ACTIVITY:
When you reply, transcribe every line of the data below exactly.

○ ○ ○ ○

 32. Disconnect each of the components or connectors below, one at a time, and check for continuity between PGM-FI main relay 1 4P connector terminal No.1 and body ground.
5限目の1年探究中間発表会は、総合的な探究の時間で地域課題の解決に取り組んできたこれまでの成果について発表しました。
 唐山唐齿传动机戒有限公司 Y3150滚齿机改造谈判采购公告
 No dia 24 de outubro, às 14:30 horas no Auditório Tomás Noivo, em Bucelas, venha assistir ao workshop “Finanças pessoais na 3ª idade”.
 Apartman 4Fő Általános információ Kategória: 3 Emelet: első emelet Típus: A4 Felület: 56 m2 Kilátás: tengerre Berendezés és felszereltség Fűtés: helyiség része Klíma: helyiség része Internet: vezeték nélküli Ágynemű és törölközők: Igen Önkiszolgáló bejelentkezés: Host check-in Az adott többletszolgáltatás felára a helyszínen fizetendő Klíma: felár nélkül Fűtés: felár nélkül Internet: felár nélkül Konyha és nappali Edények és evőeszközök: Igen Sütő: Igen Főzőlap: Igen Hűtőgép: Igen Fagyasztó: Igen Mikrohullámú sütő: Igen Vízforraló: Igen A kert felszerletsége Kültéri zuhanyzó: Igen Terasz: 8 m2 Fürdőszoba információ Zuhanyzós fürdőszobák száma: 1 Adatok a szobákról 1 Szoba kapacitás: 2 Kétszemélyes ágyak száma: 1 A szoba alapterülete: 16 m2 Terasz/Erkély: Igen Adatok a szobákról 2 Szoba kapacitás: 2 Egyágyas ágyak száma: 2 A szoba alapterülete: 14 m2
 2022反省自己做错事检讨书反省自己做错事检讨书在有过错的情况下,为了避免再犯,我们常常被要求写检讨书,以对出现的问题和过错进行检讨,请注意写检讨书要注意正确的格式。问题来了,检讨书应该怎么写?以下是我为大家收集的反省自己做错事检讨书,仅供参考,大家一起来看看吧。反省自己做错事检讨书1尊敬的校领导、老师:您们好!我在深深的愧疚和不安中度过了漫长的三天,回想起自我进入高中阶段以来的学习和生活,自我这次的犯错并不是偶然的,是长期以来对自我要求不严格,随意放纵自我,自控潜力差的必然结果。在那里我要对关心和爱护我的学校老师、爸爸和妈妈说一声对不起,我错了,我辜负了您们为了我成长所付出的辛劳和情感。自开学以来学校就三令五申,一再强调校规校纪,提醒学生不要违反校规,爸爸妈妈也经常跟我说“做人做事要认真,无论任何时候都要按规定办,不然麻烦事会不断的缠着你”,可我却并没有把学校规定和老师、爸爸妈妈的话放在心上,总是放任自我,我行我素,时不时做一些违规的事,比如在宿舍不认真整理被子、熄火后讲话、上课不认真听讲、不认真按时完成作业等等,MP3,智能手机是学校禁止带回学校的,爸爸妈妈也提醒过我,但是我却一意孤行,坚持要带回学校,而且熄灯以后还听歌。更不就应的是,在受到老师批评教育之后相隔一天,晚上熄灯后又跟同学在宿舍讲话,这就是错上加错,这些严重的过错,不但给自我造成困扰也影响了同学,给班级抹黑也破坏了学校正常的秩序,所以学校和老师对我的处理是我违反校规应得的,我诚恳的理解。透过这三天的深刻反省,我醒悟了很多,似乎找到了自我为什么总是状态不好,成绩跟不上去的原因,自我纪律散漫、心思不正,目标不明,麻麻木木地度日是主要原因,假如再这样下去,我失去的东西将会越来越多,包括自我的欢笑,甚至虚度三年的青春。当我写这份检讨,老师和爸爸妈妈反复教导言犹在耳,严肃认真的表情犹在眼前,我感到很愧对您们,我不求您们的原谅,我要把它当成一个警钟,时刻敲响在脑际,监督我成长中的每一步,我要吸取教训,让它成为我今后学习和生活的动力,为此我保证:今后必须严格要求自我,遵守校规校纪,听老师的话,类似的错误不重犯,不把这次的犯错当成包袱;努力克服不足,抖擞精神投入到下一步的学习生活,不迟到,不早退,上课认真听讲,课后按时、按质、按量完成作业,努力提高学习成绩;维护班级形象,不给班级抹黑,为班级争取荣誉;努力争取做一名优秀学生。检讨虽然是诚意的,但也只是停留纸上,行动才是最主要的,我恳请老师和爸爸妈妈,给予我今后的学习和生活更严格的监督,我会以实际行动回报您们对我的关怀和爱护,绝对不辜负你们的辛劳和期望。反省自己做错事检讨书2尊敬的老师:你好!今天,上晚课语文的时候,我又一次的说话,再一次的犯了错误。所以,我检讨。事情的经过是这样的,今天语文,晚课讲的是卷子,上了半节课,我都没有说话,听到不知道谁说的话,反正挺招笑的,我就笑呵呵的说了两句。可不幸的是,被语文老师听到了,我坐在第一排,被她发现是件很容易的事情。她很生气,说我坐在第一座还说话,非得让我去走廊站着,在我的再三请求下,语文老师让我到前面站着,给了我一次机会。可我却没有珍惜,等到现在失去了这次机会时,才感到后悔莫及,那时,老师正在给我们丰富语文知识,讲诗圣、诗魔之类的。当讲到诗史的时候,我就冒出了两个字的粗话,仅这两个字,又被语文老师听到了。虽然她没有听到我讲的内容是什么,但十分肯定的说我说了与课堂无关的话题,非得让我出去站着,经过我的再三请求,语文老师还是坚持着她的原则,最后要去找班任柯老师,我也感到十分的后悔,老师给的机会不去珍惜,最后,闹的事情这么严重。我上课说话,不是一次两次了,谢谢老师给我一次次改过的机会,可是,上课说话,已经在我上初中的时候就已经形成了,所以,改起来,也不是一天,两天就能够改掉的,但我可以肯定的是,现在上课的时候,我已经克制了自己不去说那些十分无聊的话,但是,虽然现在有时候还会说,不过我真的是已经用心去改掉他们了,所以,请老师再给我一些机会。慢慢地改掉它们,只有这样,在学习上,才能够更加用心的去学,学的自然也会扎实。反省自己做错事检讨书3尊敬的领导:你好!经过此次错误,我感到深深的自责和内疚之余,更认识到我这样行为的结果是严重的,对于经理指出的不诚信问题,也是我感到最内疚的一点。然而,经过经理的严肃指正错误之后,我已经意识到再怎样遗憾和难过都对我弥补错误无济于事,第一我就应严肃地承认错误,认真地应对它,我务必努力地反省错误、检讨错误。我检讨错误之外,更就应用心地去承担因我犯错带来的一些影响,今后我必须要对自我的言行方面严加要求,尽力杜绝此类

○ ○ ○ ○

OUTPUT OF THE TASK:
 32. Disconnect each of the components or connectors below, one at a time, and check for continuity between PGM-FI main relay 1 4P connector terminal No.1 and body ground.
5限目の1年探究中間発表会は、総合的な探究の時間で地域課題の解決に取り組んできたこれまでの成果について発表しました。
 唐山唐齿传动机戒有限公司 Y3150滚齿机改造谈判采购公告
 No dia 24 de outubro, às 14:30 horas no Auditório Tomás Noivo, em Bucelas, venha assistir ao workshop “Finanças pessoais na 3ª idade”.
 Apartman 4Fő Általános információ Kategória: 3 Emelet: első emelet Típus: A4 Felület: 56 m2 Kilátás: tengerre Berendezés és felszereltség Fűtés: helyiség része Klíma: helyiség része Internet: vezeték nélküli Ágynemű és törölközők: Igen Önkiszolgáló bejelentkezés: Host check-in Az adott többletszolgáltatás felára a helyszínen fizetendő Klíma: felár nélkül Fűtés: felár nélkül Internet: felár nélkül Konyha és nappali Edények és evőeszközök: Igen Sütő: Igen Főzőlap: Igen Hűtőgép: Igen Fagyasztó: Igen Mikrohullámú sütő: Igen Vízforraló: Igen A kert felszerletsége Kültéri zuhanyzó: Igen Terasz: 8 m2 Fürdőszoba információ Zuhanyzós fürdőszobák száma: 1 Adatok a szobákról 1 Szoba kapacitás: 2 Kétszemélyes ágyak száma: 1 A szoba alapterülete: 16 m2 Terasz/Erkély: Igen Adatok a szobákról 2 Szoba kapacitás: 2 Egyágyas ágyak száma: 2 A szoba alapterülete: 14 m2
 2022反省自己做错事检讨书反省自己做错事检讨书在有过错的情况下,为了避免再犯,我们常常被要求写检讨书,以对出现的问题和过错进行检讨,请注意写检讨书要注意正确的格式。问题来了,检讨书应该怎么写?以下是我为大家收集的反省自己做错事检讨书,仅供参考,大家一起来看看吧。反省自己做错事检讨书1尊敬的校领导、老师:您们好!我在深深的愧疚和不安中度过了漫长的三天,回想起自我进入高中阶段以来的学习和生活,自我这次的犯错并不是偶然的,是长期以来对自我要求不严格,随意放纵自我,自控潜力差的必然结果。在那里我要对关心和爱护我的学校老师、爸爸和妈妈说一声对不起,我错了,我辜负了您们为了我成长所付出的辛劳和情感。自开学以来学校就三令五申,一再强调校规校纪,提醒学生不要违反校规,爸爸妈妈也经常跟我说“做人做事要认真,无论任何时候都要按规定办,不然麻烦事会不断的缠着你”,可我却并没有把学校规定和老师、爸爸妈妈的话放在心上,总是放任自我,我行我素,时不时做一些违规的事,比如在宿舍不认真整理被子、熄火后讲话、上课不认真听讲、不认真按时完成作业等等,MP3,智能手机是学校禁止带回学校的,爸爸妈妈也提醒过我,但是我却一意孤行,坚持要带回学校,而且熄灯以后还听歌。更不就应的是,在受到老师批评教育之后相隔一天,晚上熄灯后又跟同学在宿舍讲话,这就是错上加错,这些严重的过错,不但给自我造成困扰也影响了同学,给班级抹黑也破坏了学校正常的秩序,所以学校和老师对我的处理是我违反校规应得的,我诚恳的理解。透过这三天的深刻反省,我醒悟了很多,似乎找到了自我为什么总是状态不好,成绩跟不上去的原因,自我纪律散漫、心思不正,目标不明,麻麻木木地度日是主要原因,假如再这样下去,我失去的东西将会越来越多,包括自我的欢笑,甚至虚度三年的青春。当我写这份检讨,老师和爸爸妈妈反复教导言犹在耳,严肃认真的表情犹在眼前,我感到很愧对您们,我不求您们的原谅,我要把它当成一个警钟,时刻敲响在脑际,监督我成长中的每一步,我要吸取教训,让它成为我今后学习和生活的动力,为此我保证:今后必须严格要求自我,遵守校规校纪,听老师的话,类似的错误不重犯,不把这次的犯错当成包袱;努力克服不足,抖擞精神投入到下一步的学习生活,不迟到,不早退,上课认真听讲,课后按时、按质、按量完成作业,努力提高学习成绩;维护班级形象,不给班级抹黑,为班级争取荣誉;努力争取做一名优秀学生。检讨虽然是诚意的,但也只是停留纸上,行动才是最主要的,我恳请老师和爸爸妈妈,给予我今后的学习和生活更严格的监督,我会以实际行动回报您们对我的关怀和爱护,绝对不辜负你们的辛劳和期望。反省自己做错事检讨书2尊敬的老师:你好!今天,上晚课语文的时候,我又一次的说话,再一次的犯了错误。所以,我检讨。事情的经过是这样的,今天语文,晚课讲的是卷子,上了半节课,我都没有说话,听到不知道谁说的话,反正挺招笑的,我就笑呵呵的说了两句。可不幸的是,被语文老师听到了,我坐在第一排,被她发现是件很容易的事情。她很生气,说我坐在第一座还说话,非得让我去走廊站着,在我的再三请求下,语文老师让我到前面站着,给了我一次机会。可我却没有珍惜,等到现在失去了这次机会时,才感到后悔莫及,那时,老师正在给我们丰富语文知识,讲诗圣、诗魔之类的。当讲到诗史的时候,我就冒出了两个字的粗话,仅这两个字,又被语文老师听到了。虽然她没有听到我讲的内容是什么,但十分肯定的说我说了与课堂无关的话题,非得让我出去站着,经过我的再三请求,语文老师还是坚持着她的原则,最后要去找班任柯老师,我也感到十分的后悔,老师给的机会不去珍惜,最后,闹的事情这么严重。我上课说话,不是一次两次了,谢谢老师给我一次次改过的机会,可是,上课说话,已经在我上初中的时候就已经形成了,所以,改起来,也不是一天,两天就能够改掉的,但我可以肯定的是,现在上课的时候,我已经克制了自己不去说那些十分无聊的话,但是,虽然现在有时候还会说,不过我真的是已经用心去改掉他们了,所以,请老师再给我一些机会。慢慢地改掉它们,只有这样,在学习上,才能够更加用心的去学,学的自然也会扎实。反省自己做错事检讨书3尊敬的领导:你好!经过此次错误,我感到深深的自责和内疚之余,更认识到我这样行为的结果是严重的,对于经理指出的不诚信问题,也是我感到最内疚的一点。然而,经过经理的严肃指正错误之后,我已经意识到再怎样遗憾和难过都对我弥补错误无济于事,第一我就应严肃地承认错误,认真地应对它,我务必努力地反省错误、检讨错误。我检讨错误之外,更就应用心地去承担因我犯错带来的一些影响,今后我必须要对自我的言行方面严加要求,尽力杜绝此类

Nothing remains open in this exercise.